Many stats novices say that it doesn't matter. There are two doors left so there is a 50/50 chance you pick the correct door. WRONG! It turns out that the probability is not split 50/50 between the remaining two doors.

Decision Theoretic Solution

It seems that intuition has failed us. Let's use statistics to inform our choice (aka decision theory). At the beginning of the game we are asked to select one of three doors. Is there an optimal action/policy/choice? (action, policy, and choice are often used interchangeably in decision theory and reinforcement learning) Let's assume that the car is placed perfectly randomly behind one of the doors. Under this assumption there is not best choice of door. You should just pick randomly.

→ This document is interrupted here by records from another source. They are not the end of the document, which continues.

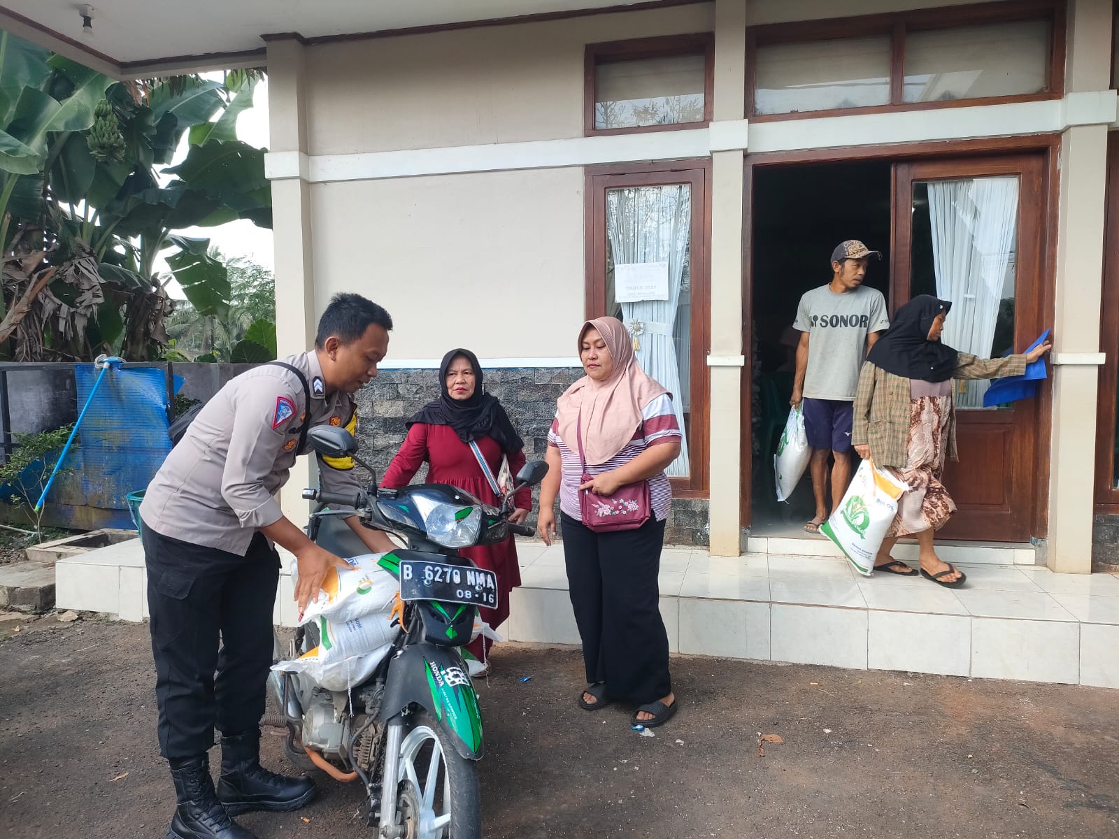 CIAMIS ~ Personel Polsek Sukadana Polres Ciamis Polda Jabar melaksanakan pengamanan kegiatan penyaluran bantuan beras cadangan dari Pemerintah di Desa Sukadana. Pengamanan ini dilaksanakan di Aula Desa Sukadana, Kecamatan Sukadana, Kabupaten Ciamis, Jawa Barat, Rabu (5/6/2024).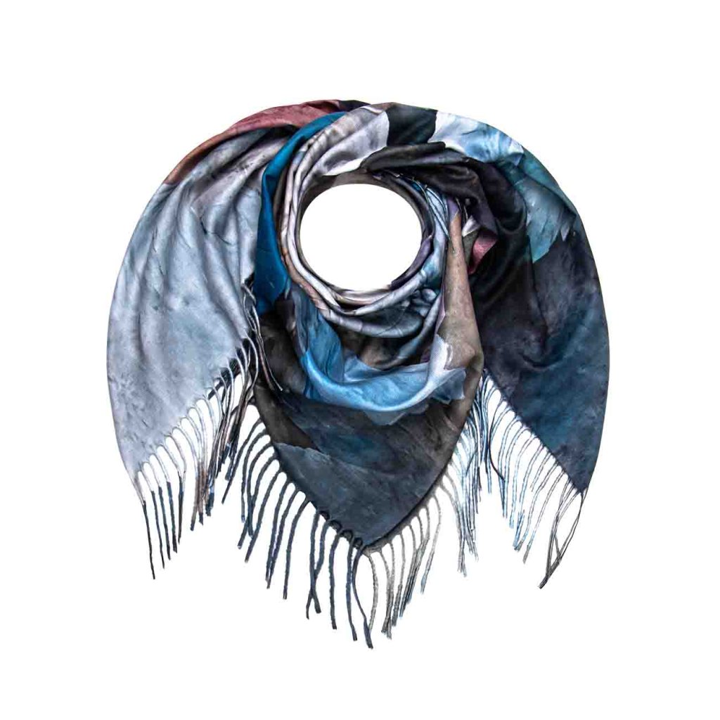 A luxus, négyzet alakú sál finom, kék, fehér és barna árnyalatú virágmintával friss és elegáns megjelenést kölcsönöz öltözékének. A finom színátmenetek és a részletesen kidolgozott virágmotívum eredeti megjelenést kölcsönöz a sálnak. A finom anyagnak köszönhetően kellemes tapintású, meleg és egyben könnyű, így egész évben viselheti. A szegélyt díszes rojtok díszítik, amelyek kiemelik stílusos karakterét.
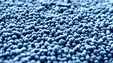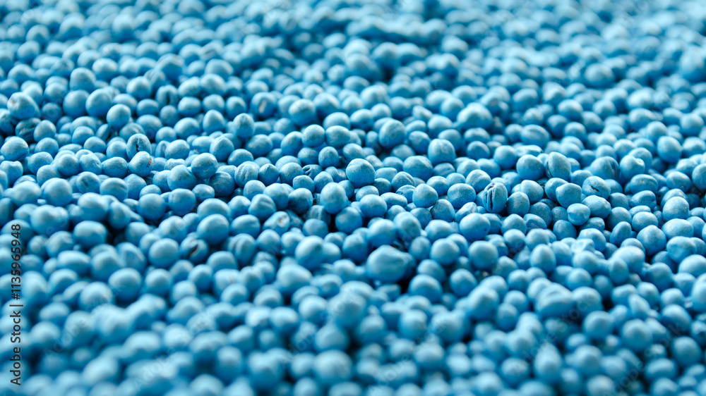 Treated rapeseed with blue coating, background, texture, top view. Encrusted rapeseed ready for sowing. Background of treated rapeseed, blue color, texture, top view.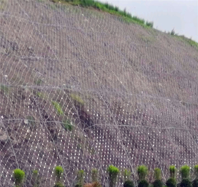 SNS邊坡防護網是通過錨桿和支護繩索對每個網塊施加預緊力,使每個網塊在坡面上張拉,然后對坡面危巖落石施加一定的預緊壓力,從而提高危巖的穩定性。性,防止危險落石的發生。.系統各部件相互連接,集成在各獨立保護區內。一旦巖體發生局部變形或位移,系統將不再局部工作,而是整體工作。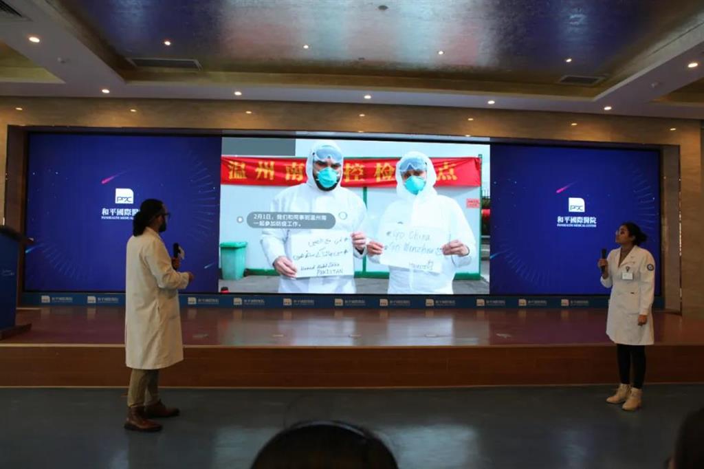 作為溫州最美抗疫人,和平國(guó)際醫(yī)院的跨國(guó)醫(yī)生,來(lái)自毛里求斯的蘇瑪和來(lái)自巴基斯坦的豪孟德分享了他們的抗疫故事。“在疫情期間,家里人讓我回去,但是我拒絕了,我必須留在這里,這是我的使命。”蘇瑪說(shuō)道。同學(xué)們紛紛為她的精神鼓掌。
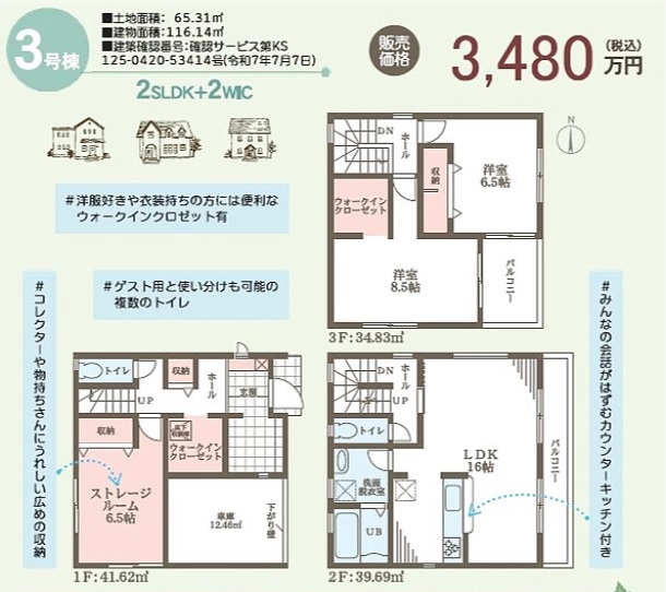 物件価格 | 3,480万円〜3,580万円83,462円〜 |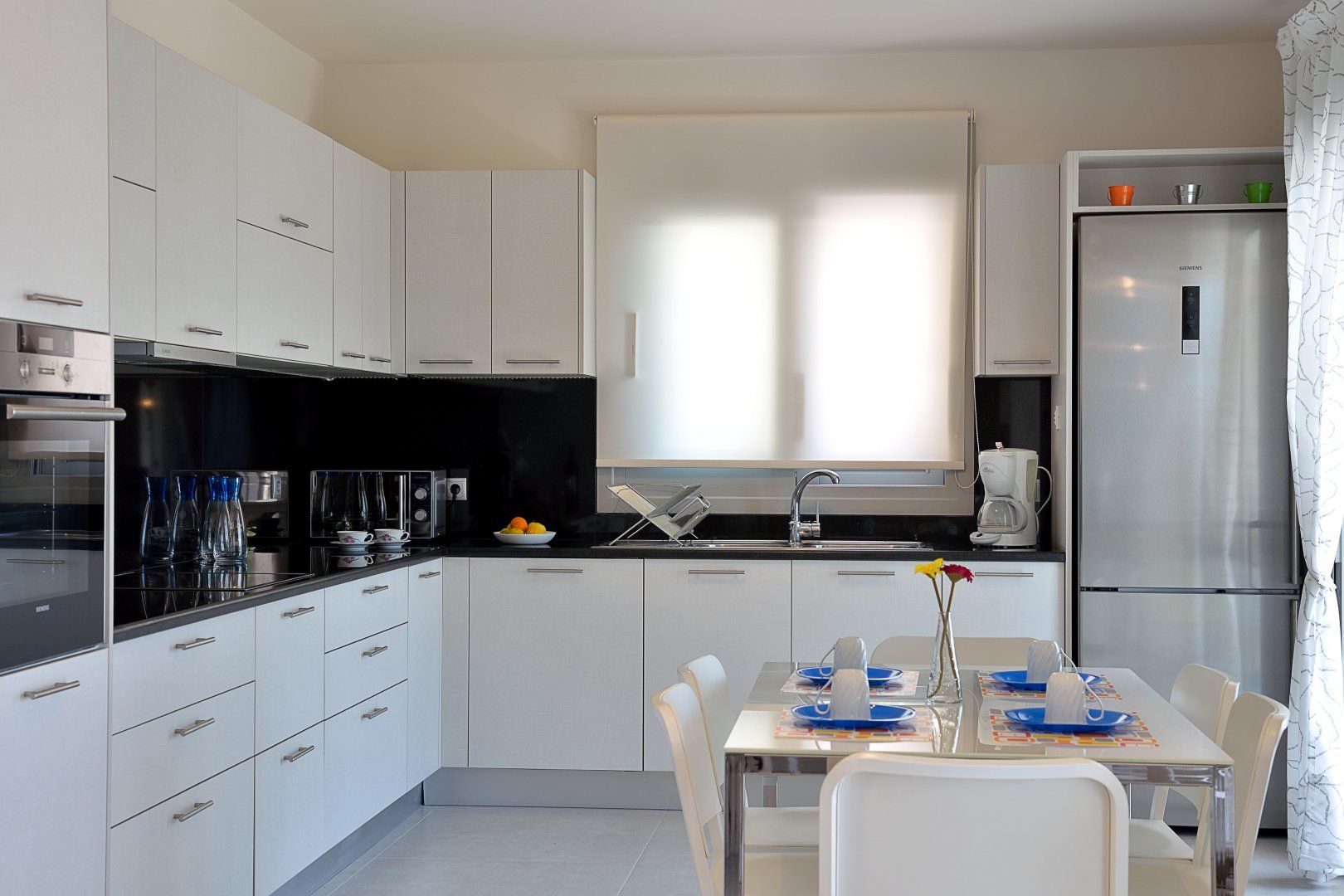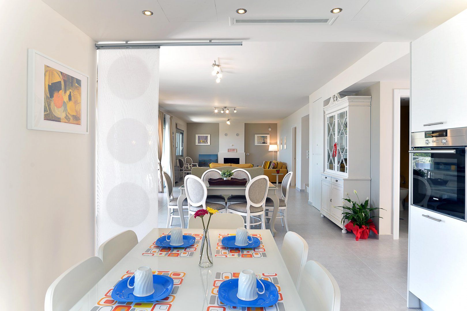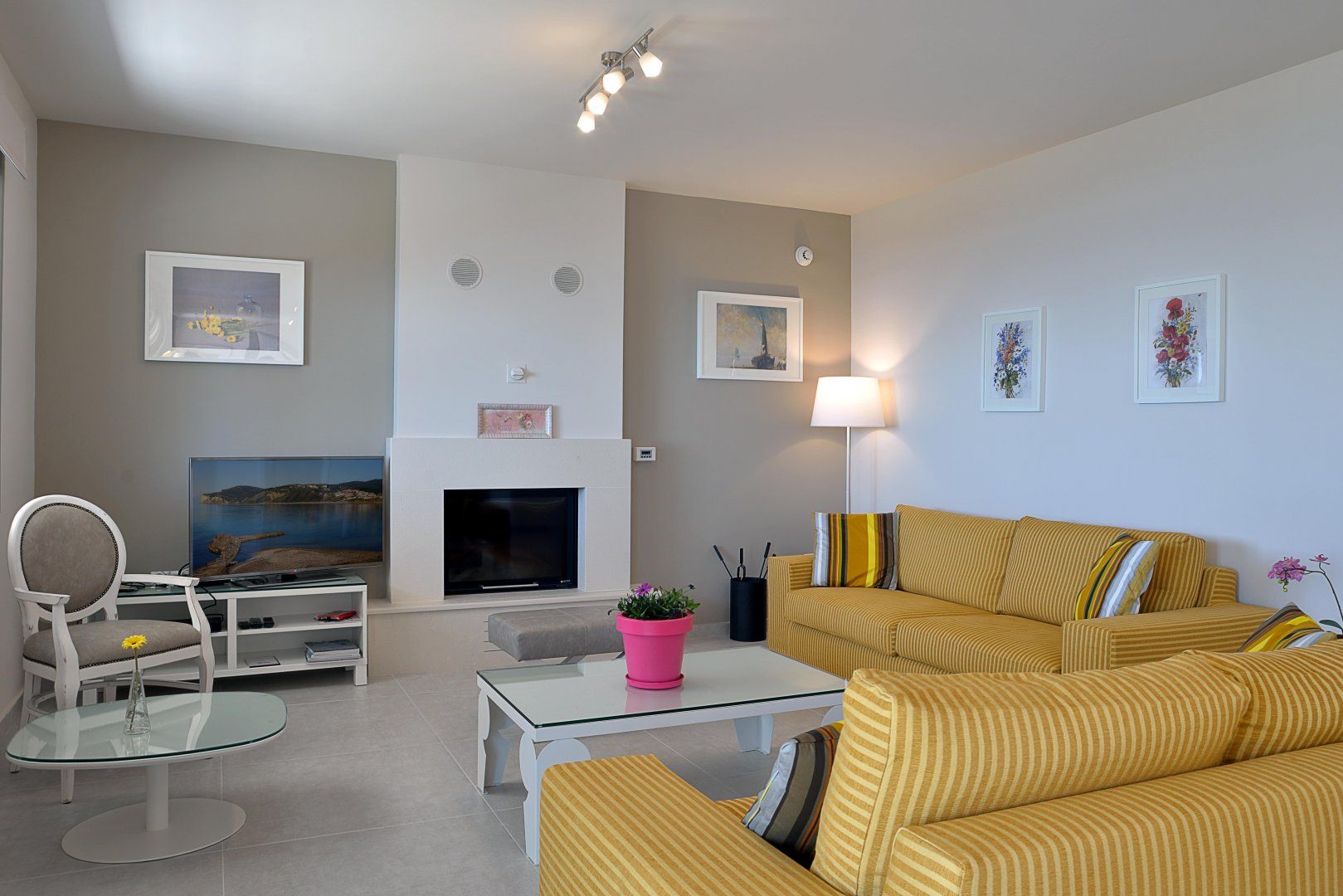 Inside, the home is gloriously bright as a result of the generous amount of floor-to-ceiling windows and glass doors. The stark white walls and sleek surfaces work to accentuate this natural light, while welcome bursts of colour come from the furnishings and artwork. We're glad to see a fireplace in the living room, which will be the perfect setting once the sun goes down.

So far the decision theoretic strategy and intuition are perfectly aligned.

Let's say that you randomly picked door One. The game show host now walks over and opens door Three. This leaves doors One and Two unopened. You are asked to pick one of the remaining doors. Should you stick with your first pick or change your pick?

Well, at the beginning there was $\frac{1}{3}$ chance that the car was behind each of the doors. You chose door One, so there is a $\frac{2}{3}$ chance that the car is behind either door Two or door Three. The odds are not in your favor. However, Monty Hall helps you out! He opens one of the doors that you did not pick. Now we know that Monty Hall will never open the door with the car behind it. There is a 0% chance that he opens the door with the car.

In our example we said that Monty Hall opens door Three. Before he opened Three there was a $\frac{2}{3}$ chance that the car was behind either Two or Three. When he opened Three we immediately realize that there is a $\frac{0}{3}$ chance that the car is behind Three! That means that there must be a $\frac{2}{3}$ chance that the car is behind door Two.

WAIT! That's completely different from the common intuition novices have that after the door is opened there is a 50/50 chance that the car is behind either of the two remaining doors. This is the trick of the Let's Make a Deal game show.

If you stick with your original door you have a $\frac{1}{3}$ chance of winning the car (the same odds as before one of the doors was revealed). Because you know that Monty Hall will never open the door with the car behind it, we are able to deduce that the unopened door that you did not originally pick has a $\frac{2}{3}$ chance of having the car behind it. If you switch you choice the odds are now in your favor!

The decision theoretic optimal policy is to always switch your choice after Monty Hall reveals on of the unpicked doors.

A More Formal Treatment

The statistical analysis above was a bit hand wavy. Let's actually do some calculations to confirm our results. I'll be using Bayesian methods. Frequentist methods yield the exact same answer.

Let's Assume the we initially choose door One. Monty Hall then opens door Three. What are the probabilities that the car is behind doors One or Two.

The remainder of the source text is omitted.